(Material shown begins)

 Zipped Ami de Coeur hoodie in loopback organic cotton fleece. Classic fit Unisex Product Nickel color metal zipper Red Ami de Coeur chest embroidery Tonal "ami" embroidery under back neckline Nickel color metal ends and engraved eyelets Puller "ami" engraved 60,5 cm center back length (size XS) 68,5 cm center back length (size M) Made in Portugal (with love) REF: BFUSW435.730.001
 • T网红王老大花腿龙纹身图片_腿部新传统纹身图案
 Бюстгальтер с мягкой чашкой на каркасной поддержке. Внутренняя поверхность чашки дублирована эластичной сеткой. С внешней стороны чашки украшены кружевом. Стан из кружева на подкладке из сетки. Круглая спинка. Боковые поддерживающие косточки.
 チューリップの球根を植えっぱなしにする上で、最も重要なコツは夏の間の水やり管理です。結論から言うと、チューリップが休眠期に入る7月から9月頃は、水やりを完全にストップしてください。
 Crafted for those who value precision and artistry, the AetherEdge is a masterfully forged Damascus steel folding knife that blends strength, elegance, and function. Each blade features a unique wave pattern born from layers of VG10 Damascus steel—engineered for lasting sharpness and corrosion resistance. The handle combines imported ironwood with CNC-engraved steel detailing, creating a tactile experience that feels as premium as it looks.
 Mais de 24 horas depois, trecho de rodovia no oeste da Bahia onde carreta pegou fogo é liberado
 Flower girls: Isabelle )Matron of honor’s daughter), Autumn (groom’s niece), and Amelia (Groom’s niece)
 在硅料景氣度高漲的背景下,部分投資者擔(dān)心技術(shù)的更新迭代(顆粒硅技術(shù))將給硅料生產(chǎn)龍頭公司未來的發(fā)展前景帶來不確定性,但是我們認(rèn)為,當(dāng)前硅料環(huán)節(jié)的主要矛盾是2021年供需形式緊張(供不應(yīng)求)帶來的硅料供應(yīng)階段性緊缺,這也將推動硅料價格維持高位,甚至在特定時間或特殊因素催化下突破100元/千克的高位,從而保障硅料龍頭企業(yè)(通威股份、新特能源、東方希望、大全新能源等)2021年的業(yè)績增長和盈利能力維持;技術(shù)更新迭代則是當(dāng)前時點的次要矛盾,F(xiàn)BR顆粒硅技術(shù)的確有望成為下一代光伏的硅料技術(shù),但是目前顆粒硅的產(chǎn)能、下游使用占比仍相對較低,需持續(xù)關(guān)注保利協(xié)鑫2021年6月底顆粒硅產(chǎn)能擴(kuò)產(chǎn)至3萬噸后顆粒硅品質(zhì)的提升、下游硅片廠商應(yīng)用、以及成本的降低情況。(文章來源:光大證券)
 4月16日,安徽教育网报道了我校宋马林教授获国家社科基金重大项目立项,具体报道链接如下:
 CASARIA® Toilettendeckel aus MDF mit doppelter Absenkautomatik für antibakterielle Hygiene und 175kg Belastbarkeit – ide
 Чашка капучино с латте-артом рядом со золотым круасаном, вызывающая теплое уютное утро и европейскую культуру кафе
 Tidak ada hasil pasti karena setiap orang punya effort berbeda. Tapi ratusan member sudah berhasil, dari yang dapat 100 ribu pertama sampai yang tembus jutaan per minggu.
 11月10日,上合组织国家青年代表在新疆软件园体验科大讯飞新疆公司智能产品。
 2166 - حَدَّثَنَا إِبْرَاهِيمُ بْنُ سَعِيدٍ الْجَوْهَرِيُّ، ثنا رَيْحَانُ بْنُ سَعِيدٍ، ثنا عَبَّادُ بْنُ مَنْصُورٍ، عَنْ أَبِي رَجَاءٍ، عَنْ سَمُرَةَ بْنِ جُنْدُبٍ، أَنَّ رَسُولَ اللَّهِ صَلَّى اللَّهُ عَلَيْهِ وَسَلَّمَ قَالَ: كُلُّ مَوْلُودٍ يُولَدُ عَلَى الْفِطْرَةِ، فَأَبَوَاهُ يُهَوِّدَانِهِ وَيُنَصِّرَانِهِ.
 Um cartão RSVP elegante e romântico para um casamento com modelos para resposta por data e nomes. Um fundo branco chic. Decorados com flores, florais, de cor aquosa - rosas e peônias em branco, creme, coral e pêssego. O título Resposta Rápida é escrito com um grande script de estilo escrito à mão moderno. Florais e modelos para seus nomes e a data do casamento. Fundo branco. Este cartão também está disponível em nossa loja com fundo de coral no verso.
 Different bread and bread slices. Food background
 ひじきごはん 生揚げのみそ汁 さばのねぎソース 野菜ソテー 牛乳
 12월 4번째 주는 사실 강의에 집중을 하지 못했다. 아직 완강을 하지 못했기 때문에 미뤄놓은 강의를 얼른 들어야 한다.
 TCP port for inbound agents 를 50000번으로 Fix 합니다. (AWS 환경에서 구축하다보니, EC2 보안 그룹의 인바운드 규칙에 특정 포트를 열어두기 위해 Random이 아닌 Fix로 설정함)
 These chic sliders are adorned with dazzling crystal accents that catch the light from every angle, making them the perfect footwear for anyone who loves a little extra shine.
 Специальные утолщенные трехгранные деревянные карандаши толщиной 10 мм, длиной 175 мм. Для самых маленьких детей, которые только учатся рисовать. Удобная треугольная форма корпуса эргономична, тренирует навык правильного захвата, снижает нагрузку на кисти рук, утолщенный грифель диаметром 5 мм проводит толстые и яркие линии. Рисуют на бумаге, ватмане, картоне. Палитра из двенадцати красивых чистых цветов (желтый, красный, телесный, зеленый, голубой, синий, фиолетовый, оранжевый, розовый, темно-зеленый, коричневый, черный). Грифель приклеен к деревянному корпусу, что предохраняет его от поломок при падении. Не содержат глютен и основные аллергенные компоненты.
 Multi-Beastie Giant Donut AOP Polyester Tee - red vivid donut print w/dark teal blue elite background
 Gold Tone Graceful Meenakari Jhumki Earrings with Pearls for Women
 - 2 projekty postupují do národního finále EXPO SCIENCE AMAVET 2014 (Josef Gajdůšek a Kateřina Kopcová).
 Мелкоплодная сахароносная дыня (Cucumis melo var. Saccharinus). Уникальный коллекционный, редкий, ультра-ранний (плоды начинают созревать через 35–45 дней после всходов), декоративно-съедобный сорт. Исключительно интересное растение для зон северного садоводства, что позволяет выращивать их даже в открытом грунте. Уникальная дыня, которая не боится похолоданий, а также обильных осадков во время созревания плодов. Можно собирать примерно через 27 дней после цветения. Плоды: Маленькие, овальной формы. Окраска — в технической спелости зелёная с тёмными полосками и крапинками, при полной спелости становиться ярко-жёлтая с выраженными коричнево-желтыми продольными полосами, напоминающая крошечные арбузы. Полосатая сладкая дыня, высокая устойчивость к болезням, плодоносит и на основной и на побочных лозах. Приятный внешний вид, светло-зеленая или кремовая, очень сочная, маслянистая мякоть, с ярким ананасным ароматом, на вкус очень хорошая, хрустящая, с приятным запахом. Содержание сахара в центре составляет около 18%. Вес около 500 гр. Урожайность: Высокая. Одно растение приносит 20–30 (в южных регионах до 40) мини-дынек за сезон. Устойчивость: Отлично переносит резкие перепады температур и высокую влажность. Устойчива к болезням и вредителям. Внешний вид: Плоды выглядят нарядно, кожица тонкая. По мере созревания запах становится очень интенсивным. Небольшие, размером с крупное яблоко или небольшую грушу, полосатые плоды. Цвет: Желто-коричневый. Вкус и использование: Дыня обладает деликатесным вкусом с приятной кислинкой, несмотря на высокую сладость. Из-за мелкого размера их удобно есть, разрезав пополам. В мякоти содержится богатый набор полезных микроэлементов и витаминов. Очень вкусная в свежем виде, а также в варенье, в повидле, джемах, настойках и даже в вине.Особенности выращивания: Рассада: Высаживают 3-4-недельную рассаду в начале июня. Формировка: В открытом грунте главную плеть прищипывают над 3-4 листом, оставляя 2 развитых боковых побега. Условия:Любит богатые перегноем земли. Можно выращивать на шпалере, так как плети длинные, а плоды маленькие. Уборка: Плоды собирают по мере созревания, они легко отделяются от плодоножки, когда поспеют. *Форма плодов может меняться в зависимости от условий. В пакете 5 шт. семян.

(Material shown ends)

What this task involves
Each line of the data that has the string "background" should be returned.

Result
 Different bread and bread slices. Food background
 Multi-Beastie Giant Donut AOP Polyester Tee - red vivid donut print w/dark teal blue elite background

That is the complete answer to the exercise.